Hello all.  I am wanting to use something like "ethereal" packet capture program to monitor any connections to and from my machine, but I was wondering if this is detectable?  Basically, my machine is hooked up at a university laboratory basically 24 hours a day, and I am concerned about security, but I don't want to piss the sysadmins off down here...we've got probably 60-80 SGI machines down here, and I don't want to raise any eyebrows...I'm assuming packet sniffing is purely passive, but want to make sure...

----------

## Ethernal

no, ethereal only logs traffic that passes through your box. so, no worries there. good luck! (sysadmins are always touchy about there networks)   :Rolling Eyes: 

----------

## RagManX

There are actually ways to detect sniffing, but they are very unreliable and give many false positives and false negatives.  If you sniff in non-promiscuous mode (only sniff traffic destined to and originating from your machine) then it is pretty much impossible for that to be detected.

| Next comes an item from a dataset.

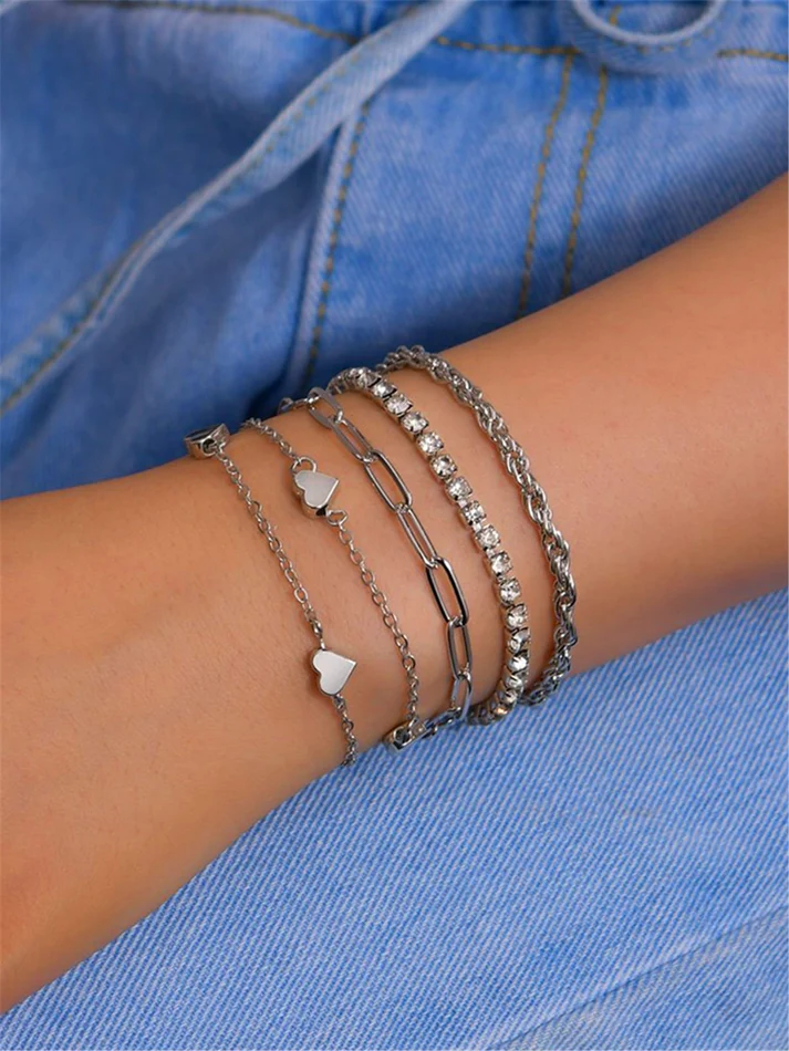 Rhinestone & Heart Decor Bracelet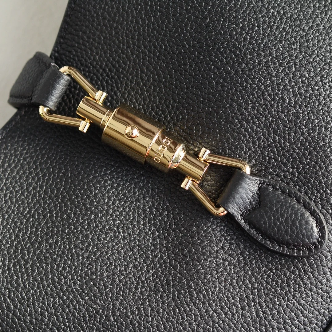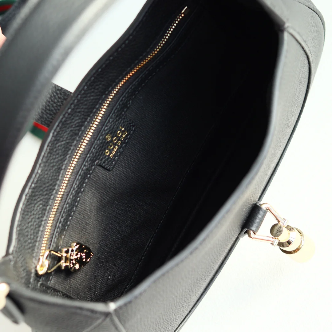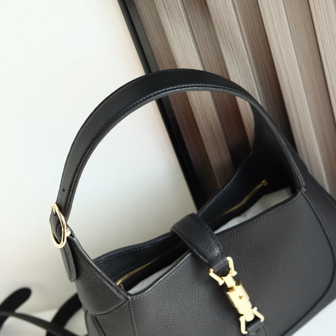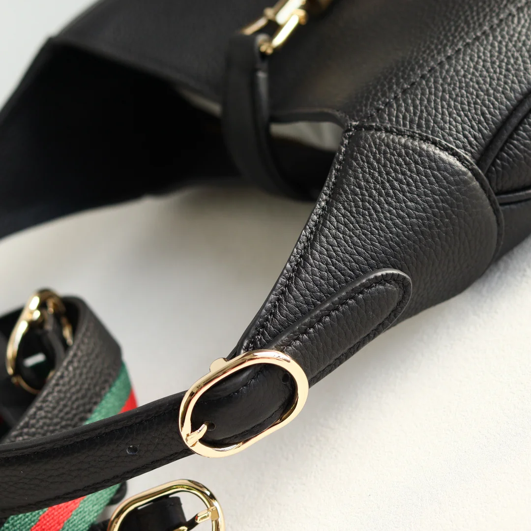 2024秋冬系列焕新演绎Gucci Jackie 1961系列肩背包 采用精细古驰安可拉红(Rosso Ancora)皮革制作 搭配全新浅金色调推入式锁扣开合 彰显品牌经典手袋的精湛工艺 新月造型和流畅廓形这款小号肩背包搭配皮革肩带 另附红绿织带肩带 成就多样穿搭选择

Having said that, there are better ways to watch your machine than ethereal.  If you haven't ever spent time studying ethereal captures, you might be in for a bit of a surprise once the traffic starts rolling in.  I would recommend installing something like snort instead (ebuild is available) and letting it watch for you.

RagManX

----------

## geders

Promiscuous mode is enabled by default...is that detectable?

I am wanting to get snort up and running, but it is a bit more involved...just need to find the time...

----------

## klieber

Yes, sniffing is detectable, but extremely difficult.  Here's one method describing how to do it.  Search google for others.

I wouldn't worry too much about being detected.

--kurt

----------

## pjp

You could always inform the Admins that your are sniffing your machine for security.  If they are reasonable people, then they might not mind, and knowing about it before they find it would be helpful.

----------